Quote:
|
Originally Posted by mike_bike_kite
To get the median you need to get the length of each sequence, sort it, then pick the middle value if it's an odd number of rows or average the two middle values if it's even. You're unlikely to be able to do this in a single line of script hence I produced a small program for you. I've tried to improve the median part of the code and came up with this :
Code:
#!/bin/sh
echo "GAAAAGAGGA
ATATTAGGTTTTTAC
TATATTTAACGCGAATGATT" > original_file.dat
# show average
cat original_file.dat | \
awk '
BEGIN { total=0 }
{ total = total + length($0) }
END { print "AVG=" total/NR}'
# get lengths and sort them
cat original_file.dat | \
awk '{ print length($0) }' | \
sort -n \
> tmp.dat
# how many recs in file
RECS=`cat tmp.dat | wc -l`
ODD_NUM=`expr $RECS % 2`
CUTOFF_POINT=`expr $RECS / 2`
CUTOFF_POINT=`expr $CUTOFF_POINT + 1`
if test $ODD_NUM -eq 0
then
cat tmp.dat | \
head -$CUTOFF_POINT | \
tail -2 | \
awk '
BEGIN { total=0 }
{ total = total + $0 }
END { print "MEDIAN=" total/NR}'
else
echo "MEDIAN="`cat tmp.dat | head -$CUTOFF_POINT | tail -1`
fi
exit
You still haven't explained what you're doing with DNA - is it anything interesting?
|
Yup. I deal with the DNA assignment that use the UNIX command line to find out the length of median.

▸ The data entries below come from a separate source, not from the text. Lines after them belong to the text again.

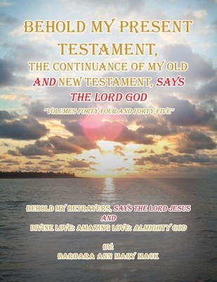 BEHOLD MY PRESENT TESTAMENT VOLUMES FORTY-FOUR AND FORTY FIVE CONSISTS OF A SPIRITUAL DIALOGUE BETWEEN ALMIGHTY GOD, THE FATHER, CHRIST JESUS, HIS ONLY BEGOTTEN SON, EARTH'S INHABITANTS, AND BARBARA ANN MARY MACK, GOD'S SENT MODERN DAY MESSENGER AND PROPHETESS. THIS BOOK IS WRITTEN IN THE FORM OF POETRY, WHICH MAKES IT EASY FOR THE READER TO FOLLOW AND SPIRITUALLY GRASP. BEHOLD MY PRESENT TESTAMENT CONSISTS OF CURRENT SAYINGS OF GOD, THE FATHER, AND CHRIST JESUS.
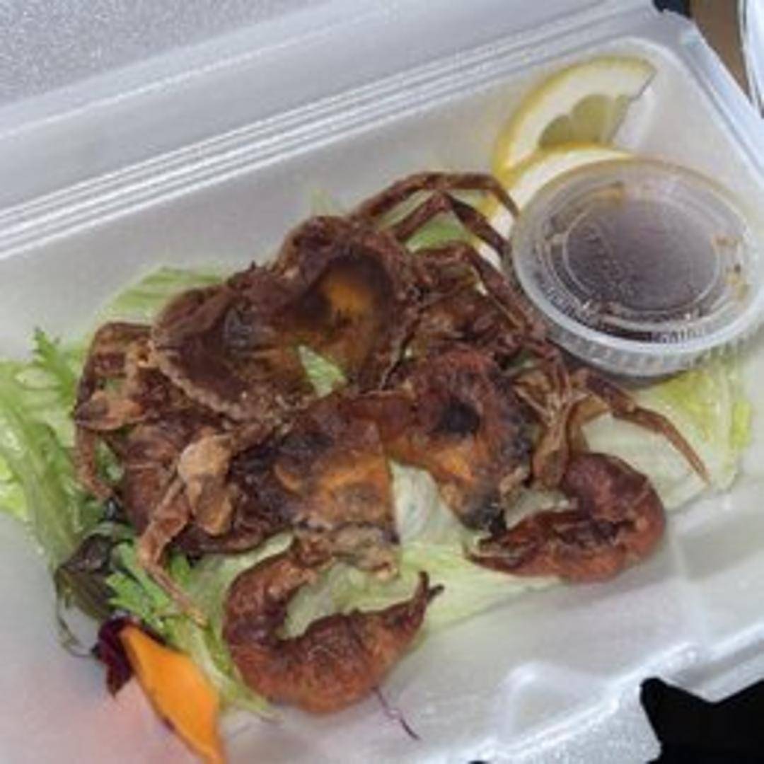 Lightly battered and deep-fried soft shell crab. Crispy and delicious.
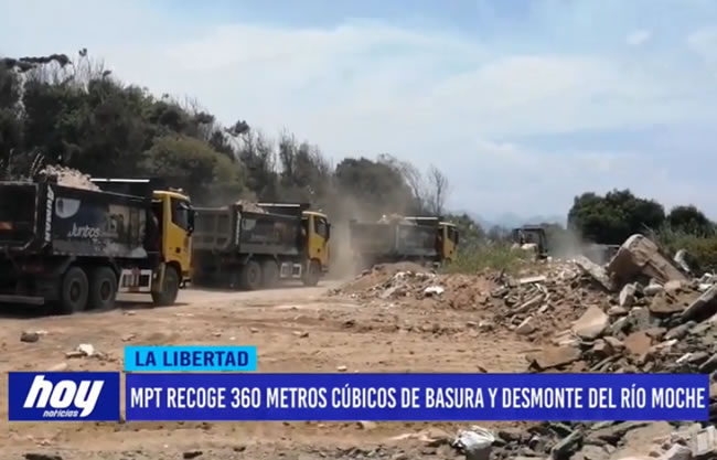 A raíz de la ampliación por 60 días del estado de emergencia por peligro inminente ante contaminación de las aguas superficiales del río Moche, personal de la Municipalidad Provincial de Trujillo retiró un total de 360 metros cúbicos de basura y desmonte del margen derecho del río Moche, el último fin de semana, el mismo que venía siendo utilizado como botadero por parte de personas inescrupulosas sin sentido común y sin conciencia ambiental.

Mike, I try the program that you modified already. The result end up just show that "MEDIAN=ATATTAGGTTTTTAC". How come will like this? Actually I planned that the answer is showed "MEDIAN=15". The program for average is worked d. You got any better suggestion to solve this problem? Really thanks a lot for your advise. Have a nice day.